An essay outline is a roadmap for a prose essay. Essay outlines provide a structure for what you will articulate in every section and every paragraph of your essay. Making outlines is an essential step for writing cogent persuasive essays, argumentative essays, expository essays, compare-and-contrast essays, and research papers. Even narrative essays, which tell stories rather than make logical arguments, can benefit from the structure an outline provides.

An outline anchors an essay’s main idea, called the thesis statement, which guides the essay writing process. It also lays out the body paragraphs that form the bulk of your essay and brackets those body paragraphs with an introduction and a conclusion that guide your reader into and out of the essay.

3 Benefits of Outlining an Essay

An essay outline or research paper outline keeps you organized and focused on your main topic as you push ahead in your writing process.

  1. 1. It keeps your research organized. By crafting an effective outline, you can sort through your research or reasoned points and find the perfect place to insert them in an essay. Organizing your information this way allows you to test the strength of your thesis statement. If you find yourself packing your outline with supporting evidence for your main point, you have probably picked a strong thesis. If not, you may need to reconsider.
  2. 2. It maps a logical flow from points to subpoints. Most outlines have an alphanumeric structure. This means that they alternate between Roman numerals, capital letters, Arabic numerals, and lowercase letters to make points and sub-points. Other essay outline templates include decimal outlines and staggered bullet points.
  3. 3. It allows you to be flexible. You can write full sentences in your formal outline, or you can write shorthand. The outline is not the final product; it is a tool for developing the content of your essay and finding a logical order, so it only has to make sense to you.

How to Create an Essay Outline

You can use this sample outline structure in most forms of academic writing. Different types of essays call for different lengths, but the outline example below is for a five-paragraph essay.

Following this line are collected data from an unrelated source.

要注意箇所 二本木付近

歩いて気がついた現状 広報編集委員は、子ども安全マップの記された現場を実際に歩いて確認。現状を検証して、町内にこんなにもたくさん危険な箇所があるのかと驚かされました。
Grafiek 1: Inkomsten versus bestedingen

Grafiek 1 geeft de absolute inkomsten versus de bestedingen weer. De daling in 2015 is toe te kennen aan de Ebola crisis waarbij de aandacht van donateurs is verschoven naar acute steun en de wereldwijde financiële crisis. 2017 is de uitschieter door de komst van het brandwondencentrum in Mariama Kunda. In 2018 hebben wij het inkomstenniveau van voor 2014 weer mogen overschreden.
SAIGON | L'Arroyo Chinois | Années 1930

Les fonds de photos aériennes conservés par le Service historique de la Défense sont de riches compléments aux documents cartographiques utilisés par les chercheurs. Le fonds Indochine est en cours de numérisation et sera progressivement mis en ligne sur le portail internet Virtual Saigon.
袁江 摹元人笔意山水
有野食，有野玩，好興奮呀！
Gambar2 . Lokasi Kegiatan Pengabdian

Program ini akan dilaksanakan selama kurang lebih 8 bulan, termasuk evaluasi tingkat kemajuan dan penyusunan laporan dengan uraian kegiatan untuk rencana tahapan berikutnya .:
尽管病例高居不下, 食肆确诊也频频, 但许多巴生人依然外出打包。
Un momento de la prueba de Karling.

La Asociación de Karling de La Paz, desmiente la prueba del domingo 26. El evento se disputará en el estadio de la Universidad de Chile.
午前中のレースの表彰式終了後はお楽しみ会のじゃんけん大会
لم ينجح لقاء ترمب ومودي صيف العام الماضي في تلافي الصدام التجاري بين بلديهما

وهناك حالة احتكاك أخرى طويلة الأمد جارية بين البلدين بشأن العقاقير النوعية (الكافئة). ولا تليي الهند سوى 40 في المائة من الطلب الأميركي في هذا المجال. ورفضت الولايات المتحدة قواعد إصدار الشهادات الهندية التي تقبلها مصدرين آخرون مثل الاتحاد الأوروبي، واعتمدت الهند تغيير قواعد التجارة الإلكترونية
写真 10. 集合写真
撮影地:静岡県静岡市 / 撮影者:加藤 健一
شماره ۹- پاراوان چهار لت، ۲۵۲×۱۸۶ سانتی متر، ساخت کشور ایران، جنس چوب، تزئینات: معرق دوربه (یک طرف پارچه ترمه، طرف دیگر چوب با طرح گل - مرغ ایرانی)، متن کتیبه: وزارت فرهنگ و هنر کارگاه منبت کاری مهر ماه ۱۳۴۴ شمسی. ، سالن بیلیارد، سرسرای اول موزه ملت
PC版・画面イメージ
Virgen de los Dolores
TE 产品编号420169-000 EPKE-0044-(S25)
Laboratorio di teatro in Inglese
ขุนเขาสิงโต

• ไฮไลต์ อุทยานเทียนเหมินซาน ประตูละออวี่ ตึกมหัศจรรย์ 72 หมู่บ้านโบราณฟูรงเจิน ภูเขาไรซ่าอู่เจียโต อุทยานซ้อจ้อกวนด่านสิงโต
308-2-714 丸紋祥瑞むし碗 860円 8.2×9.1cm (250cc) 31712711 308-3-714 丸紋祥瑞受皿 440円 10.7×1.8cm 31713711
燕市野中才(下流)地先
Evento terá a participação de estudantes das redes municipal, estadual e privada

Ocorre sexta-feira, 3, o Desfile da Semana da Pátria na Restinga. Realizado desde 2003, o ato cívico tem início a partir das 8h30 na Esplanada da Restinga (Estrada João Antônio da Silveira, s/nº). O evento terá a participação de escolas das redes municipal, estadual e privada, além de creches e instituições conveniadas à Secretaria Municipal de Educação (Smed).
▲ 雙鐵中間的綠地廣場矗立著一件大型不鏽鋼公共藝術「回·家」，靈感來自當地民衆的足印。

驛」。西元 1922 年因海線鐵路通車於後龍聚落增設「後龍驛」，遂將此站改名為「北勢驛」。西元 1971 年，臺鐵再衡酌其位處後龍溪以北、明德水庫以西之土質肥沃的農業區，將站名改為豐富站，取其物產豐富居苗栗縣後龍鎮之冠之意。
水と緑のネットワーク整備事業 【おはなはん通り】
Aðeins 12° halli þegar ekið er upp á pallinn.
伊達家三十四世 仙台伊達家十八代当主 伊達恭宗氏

  1. 1. Introduction: The introductory paragraph of your essay should outline the topic, provide background information necessary to understand your argument, outline the evidence you will present and include your thesis statement. Your thesis should be a concise summary of the main point of your essay.
  2. 2. First body paragraph: Each body paragraph should cover a different idea or piece of evidence that supports your thesis statement. Begin the paragraph with a topic sentence that clearly and concisely tees up the paragraph and links it to the thesis. Body paragraphs are where you back up your claims with supporting points, examples, research, statistics, studies, and text citations.
  3. 3. Second body paragraph: This paragraph should mimic the format of your first body paragraph, but it should anchor around a different piece of information. Again, be sure the first sentence of this paragraph functions as a topic sentence that ties in to the global essay topic. Continue to prove your major point with supporting details and related ideas.
  4. 4. Third body paragraph: Use this paragraph to acknowledge opposing points of view that might go against your thesis. In most cases, you'll want to briefly make a case for any counterarguments before explaining why your thesis is stronger. Presenting facts and considering a topic from every angle adds credibility and will help you gain a reader’s trust.
  5. 5. Conclusion: End with a concluding paragraph that restates your thesis and summarizes all of the arguments made in your body paragraphs. Rather than introducing new facts or arguments, a good concluding statement will tie up the ideas of the entire essay in a memorable way.